**TASK TO COMPLETE:** When you reach the line that contains "Karl I of Austria on postcard in 1916.", set down that line and every one after it through the end of the records, exactly as written and with no pictures.

*** DATA FOR THIS TASK Section Begins ***

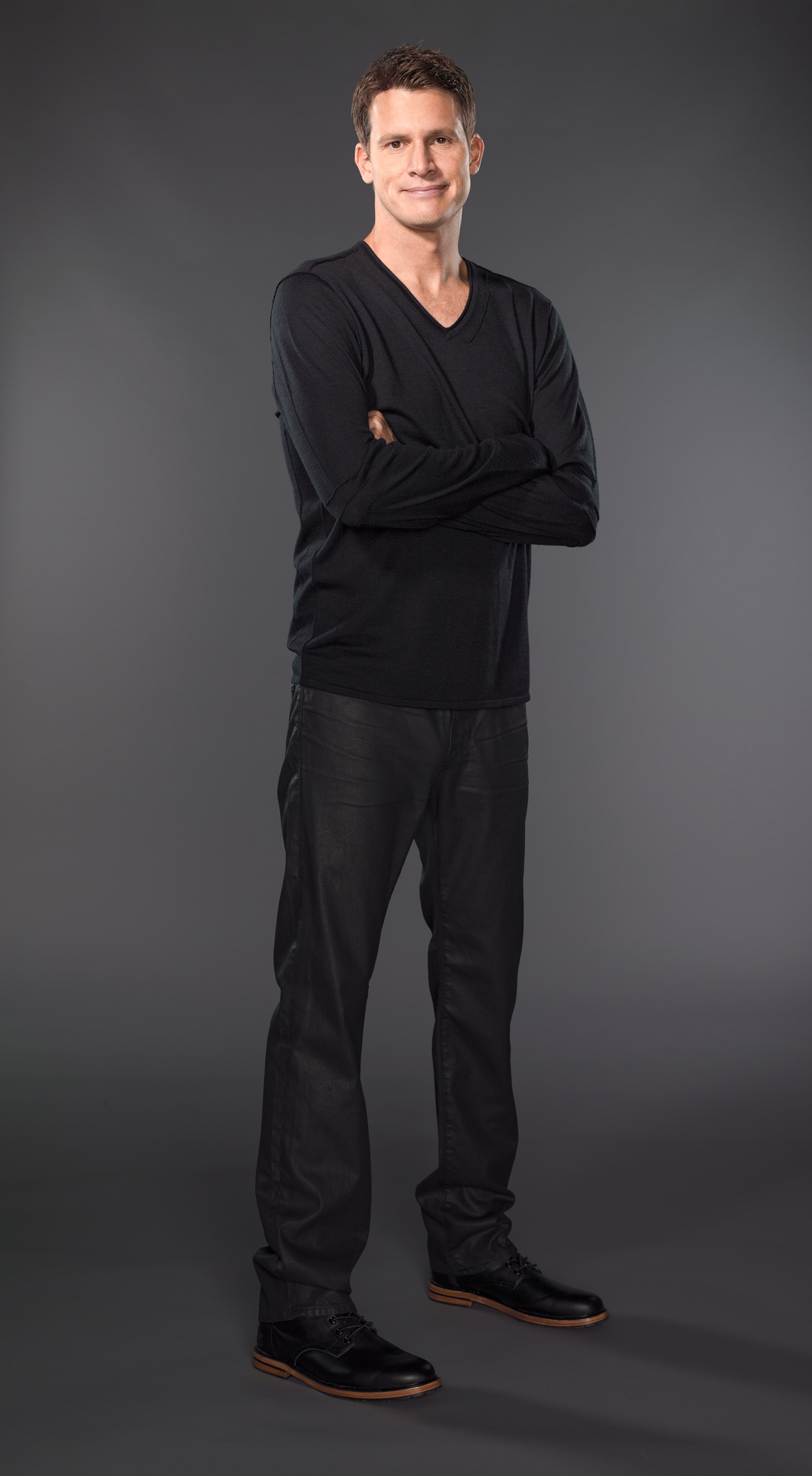 Daniel Tosh
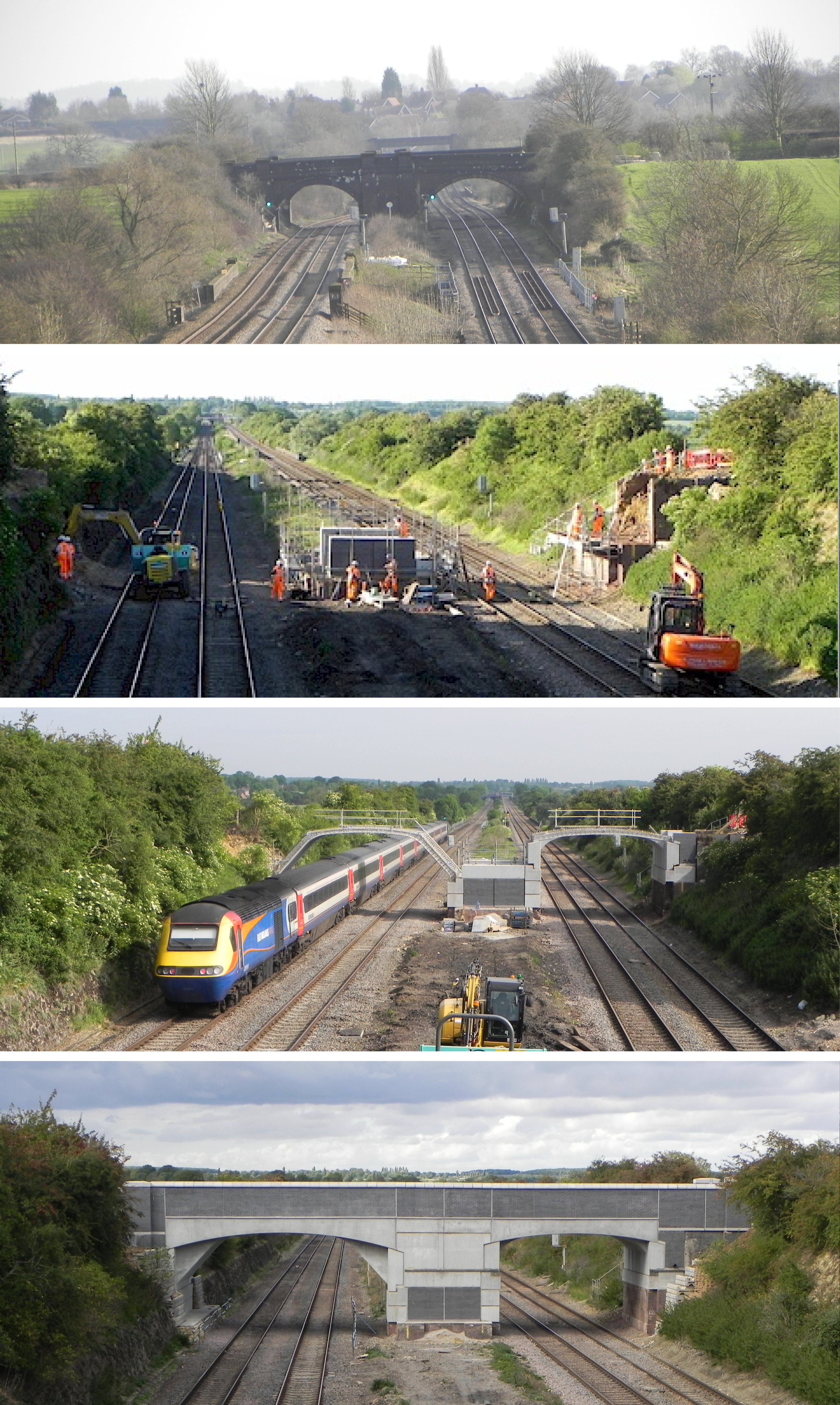 Road bridges over the Midland Main Line in Bedfordshire were replaced in 2014 to allow overhead electrification and the passage of larger rolling stock. Here is the bridge carrying New Road at Object location52° 11′ 56″ N, 0° 31′ 30″ W is shown before (March 2014), during, and after (August 2014) the upgrade.
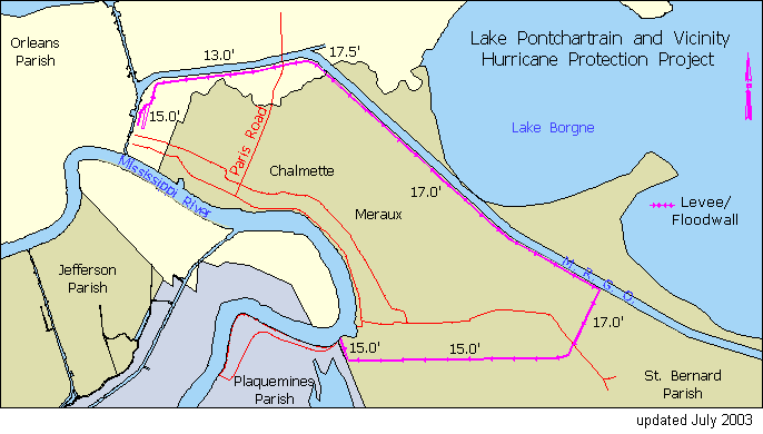 Map of Chalmette, Louisiana region, between the Mississippi River & the MRGO canal, east of New Orleans.
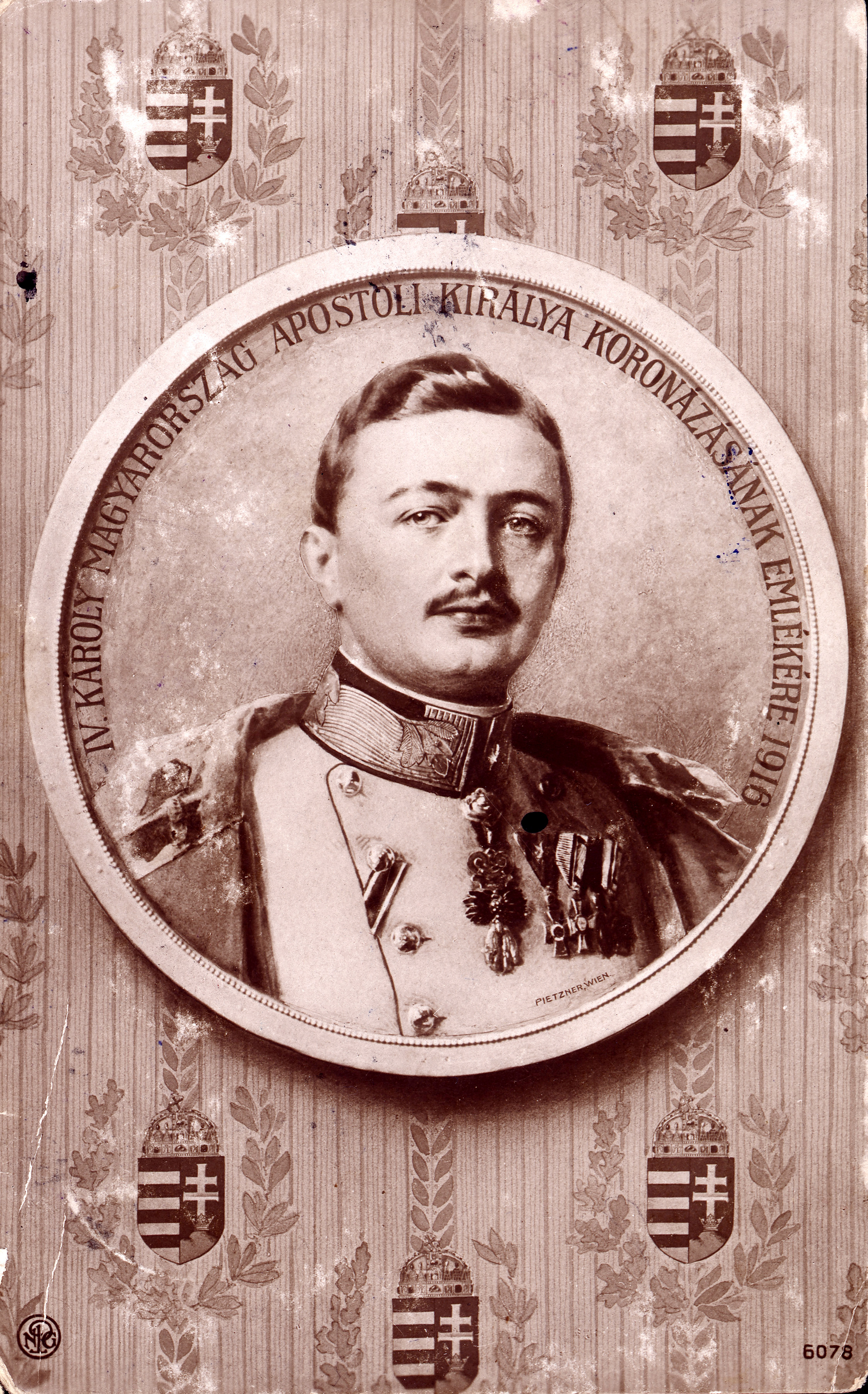 Karl I of Austria on postcard in 1916.
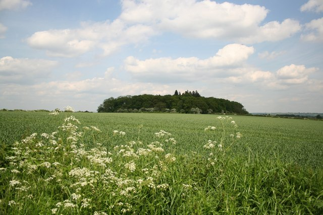 High Walks. Small wood known as High Walks crowning a low hill west of Haddington.

*** DATA FOR THIS TASK Section Ends ***

**RESULT:**
 Karl I of Austria on postcard in 1916.
 High Walks. Small wood known as High Walks crowning a low hill west of Haddington.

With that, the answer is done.